To assess whether the interaction between Erb1 and Ytm1 has been abolished in these mutants, we performed Y2H and in vitro binding assays. Indeed results from the Y2H analysis (Figure 4E and Supplementary Figure S2D) correlate with in vivo growth complementation analysis, where mutants which were inviable also failed to show an interaction. The binding of these mutants in vitro were more compromised compared to the in vivo experiments, where all Erb1 mutants, except the E790R allele, failed to bind to Flag-Ytm1 wt (Supplementary Figure S8A). Mutations in Ytm1 weakened the binding (W105R, Y123A and H310E) or failed to interact (D104R, D104R/H310E and Y123A/H310E) (Supplementary Figure S8B).

Based on our in vivo and in vitro analyses, we conclude that the Erb1–Ytm1 interaction is conserved, and essential for cell viability and ribosome assembly. Mutations in the interface can be designed, which either weaken or abolish this interaction.

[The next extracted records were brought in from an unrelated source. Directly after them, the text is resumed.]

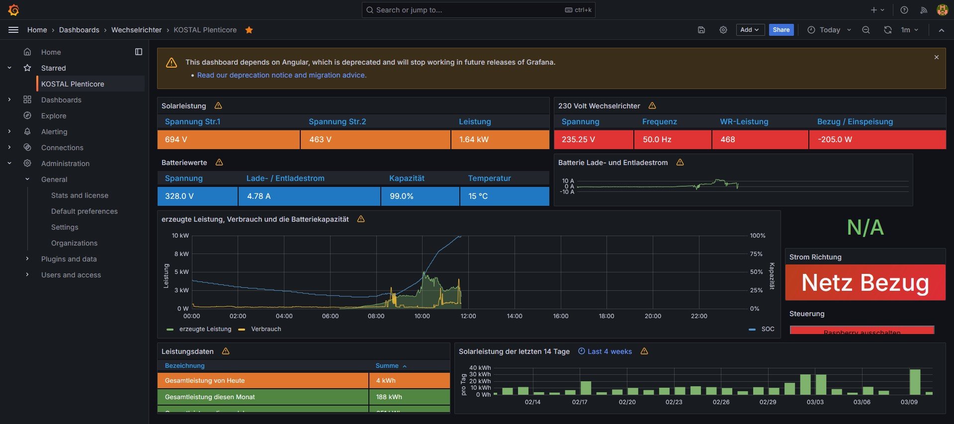 bekomme beim Dashboard folgende Fehlermeldung: Dieses Dashboard hängt von Angular ab, das veraltet ist und in zukünftigen Versionen von Grafana nicht mehr funktionieren wird. nach dem letzten Update. Was kann ich machen damit alles wieder in Ordnung ist?
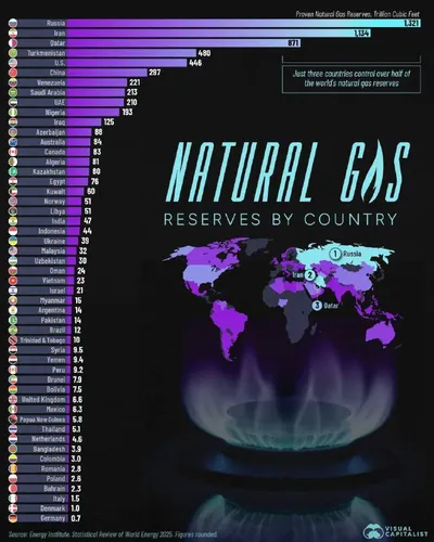 Где находятся крупнейшие запасы природного газа? По данным Энергетического института, мировые подтвержденные запасы природного газа распределены крайне неравномерно. Только три страны – Россия, Иран
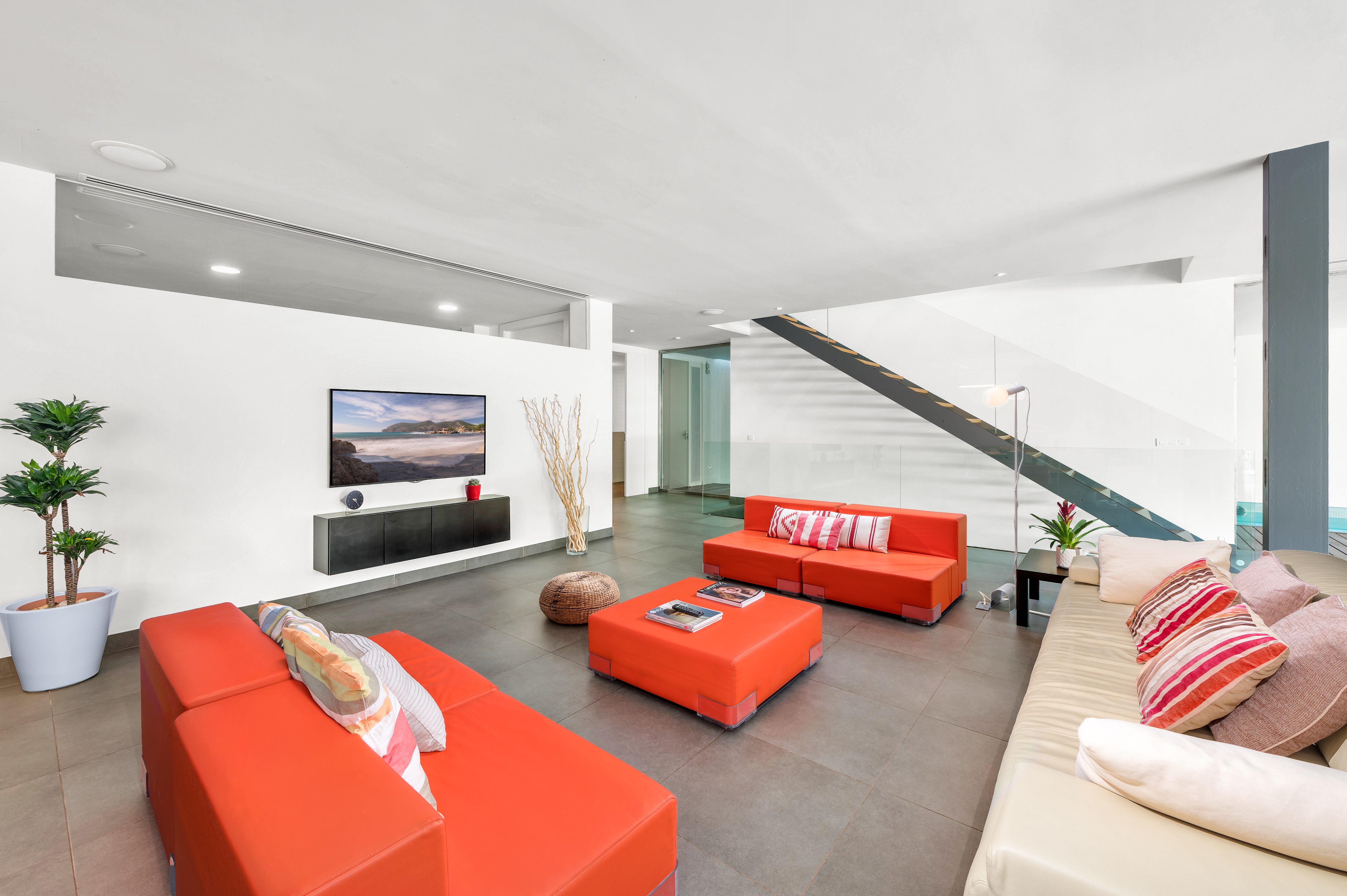The outdoor areas are thoughtfully designed for relaxation and recreation, offering a basketball court, a small football field, rose bushes, and orange trees, creating a peaceful and private Mediterranean setting. Additional features such as air conditioning, heating, automatic shutters, and ample parking ensure convenience and ease throughout your stay. Whether you prefer lounging by the pool, enjoying various activities, or simply unwinding amidst the lush surroundings, this luxury villa in Son Vida promises a memorable and unforgettable holiday experience. Exact prices and rental conditions are available upon request. ETV 6213
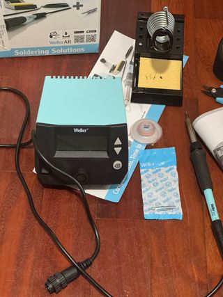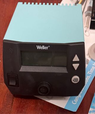 Estación de soldadura Weller con control digital de temperatura. - Pantalla LCD. - Botones de control. - Conector para soldador. Incluye manos amigas, malla para desoldar, esponja de limpieza, estaño y cortador de alambre. Tiene muy poco uso.
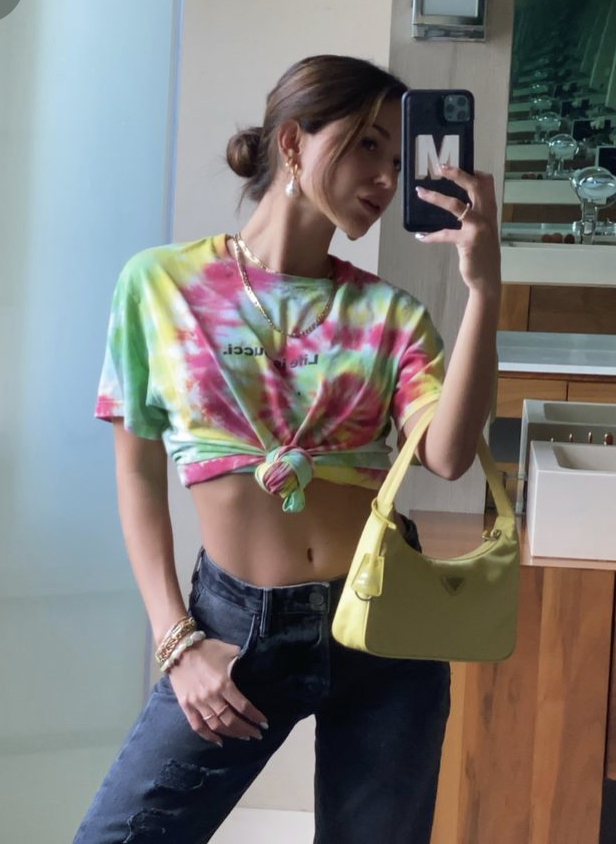 너무너무 상큼하지 않나요? 여러가지로 염색된 티셔츠를 짧게 묶어 올려 크롭탑 느낌을 내고, 찢청바지를 입고, 자연스럽게 묶은 머리에 레몬색 호보백을 똭!
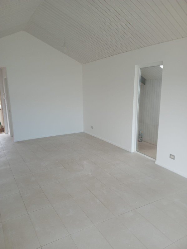Living & comedor unidos, piso porcelanato.
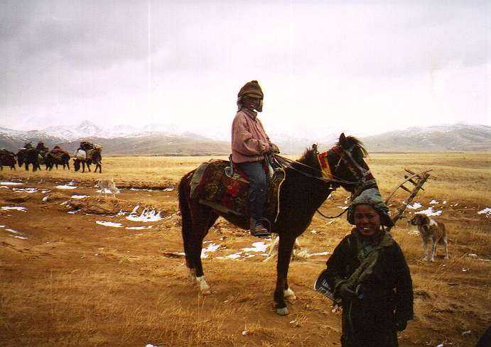 楽器チベッタンギタ−(ダニエン)を持つ少年

Generation of structure-based dominant-negative Ytm1 mutants

Previous studies showed that the Nop7–Erb1–Ytm1 complex is removed from the pre-60S particles through the action of the AAA ATPase Rea1 (24). This step involves interaction between a conserved glutamate residue (E80) on the Ytm1Ubl domain with the Rea1MIDAS domain. Analogously, removal of Rsa4 by Rea1 at a later biogenesis stage also proceeds via a similarly positioned and conserved glutamate residue (E114) on the Rsa4Ubl (Figure 5A and B). To dissect the role of the Rea1MIDAS–Ytm1Ubl interaction in the context of the Erb1–Ytm1 complex, we overexpressed Ytm1 variants in a wild-type background with the goal to identify dominant-negative mutants.

Figure 5.

Figure 5.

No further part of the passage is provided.